• _MATERIAL FOR THE TASK_:
════════════════

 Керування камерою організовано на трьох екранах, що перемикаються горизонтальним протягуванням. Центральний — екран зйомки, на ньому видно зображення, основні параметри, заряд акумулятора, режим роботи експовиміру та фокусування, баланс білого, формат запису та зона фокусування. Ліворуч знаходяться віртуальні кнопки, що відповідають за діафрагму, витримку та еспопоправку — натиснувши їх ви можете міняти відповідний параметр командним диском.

════════════════

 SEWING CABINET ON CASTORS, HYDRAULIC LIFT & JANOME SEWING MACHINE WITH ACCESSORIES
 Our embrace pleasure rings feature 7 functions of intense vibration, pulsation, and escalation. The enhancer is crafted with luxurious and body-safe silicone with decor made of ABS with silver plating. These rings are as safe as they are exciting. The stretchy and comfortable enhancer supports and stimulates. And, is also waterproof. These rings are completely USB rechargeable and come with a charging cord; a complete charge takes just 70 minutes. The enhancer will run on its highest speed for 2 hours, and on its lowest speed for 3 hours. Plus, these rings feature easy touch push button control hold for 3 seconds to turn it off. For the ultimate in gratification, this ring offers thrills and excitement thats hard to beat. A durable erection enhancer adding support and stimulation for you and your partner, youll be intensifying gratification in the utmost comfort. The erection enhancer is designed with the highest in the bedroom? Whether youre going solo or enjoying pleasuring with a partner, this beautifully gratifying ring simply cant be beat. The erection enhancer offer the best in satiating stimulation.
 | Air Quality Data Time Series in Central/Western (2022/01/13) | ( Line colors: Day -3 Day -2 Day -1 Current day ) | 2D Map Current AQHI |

════════════════

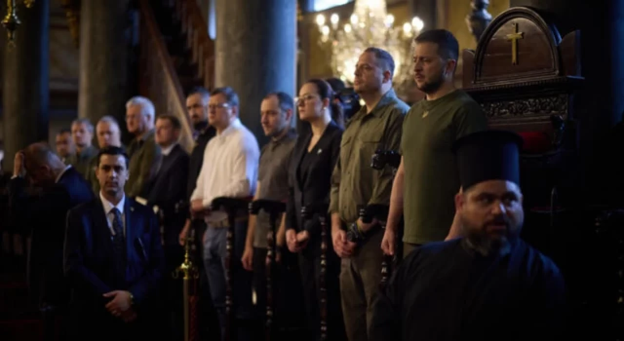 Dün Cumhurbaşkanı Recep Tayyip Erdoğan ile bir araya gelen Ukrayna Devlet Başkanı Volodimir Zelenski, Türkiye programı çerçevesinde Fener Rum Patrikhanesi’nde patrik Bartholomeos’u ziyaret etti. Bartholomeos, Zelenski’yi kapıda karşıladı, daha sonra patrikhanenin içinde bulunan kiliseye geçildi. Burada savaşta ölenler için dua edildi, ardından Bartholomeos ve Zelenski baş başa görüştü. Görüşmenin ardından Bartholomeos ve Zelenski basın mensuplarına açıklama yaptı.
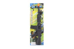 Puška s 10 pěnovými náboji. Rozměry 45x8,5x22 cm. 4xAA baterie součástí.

════════════════

• _WHAT THE TASK ASKS_: Above are the entries. Quote exactly the lines from the one bearing "SEWING CABINET ON" through the one bearing "Current AQHI |".

• _WRITTEN REPLY_:
 SEWING CABINET ON CASTORS, HYDRAULIC LIFT & JANOME SEWING MACHINE WITH ACCESSORIES
 Our embrace pleasure rings feature 7 functions of intense vibration, pulsation, and escalation. The enhancer is crafted with luxurious and body-safe silicone with decor made of ABS with silver plating. These rings are as safe as they are exciting. The stretchy and comfortable enhancer supports and stimulates. And, is also waterproof. These rings are completely USB rechargeable and come with a charging cord; a complete charge takes just 70 minutes. The enhancer will run on its highest speed for 2 hours, and on its lowest speed for 3 hours. Plus, these rings feature easy touch push button control hold for 3 seconds to turn it off. For the ultimate in gratification, this ring offers thrills and excitement thats hard to beat. A durable erection enhancer adding support and stimulation for you and your partner, youll be intensifying gratification in the utmost comfort. The erection enhancer is designed with the highest in the bedroom? Whether youre going solo or enjoying pleasuring with a partner, this beautifully gratifying ring simply cant be beat. The erection enhancer offer the best in satiating stimulation.
 | Air Quality Data Time Series in Central/Western (2022/01/13) | ( Line colors: Day -3 Day -2 Day -1 Current day ) | 2D Map Current AQHI |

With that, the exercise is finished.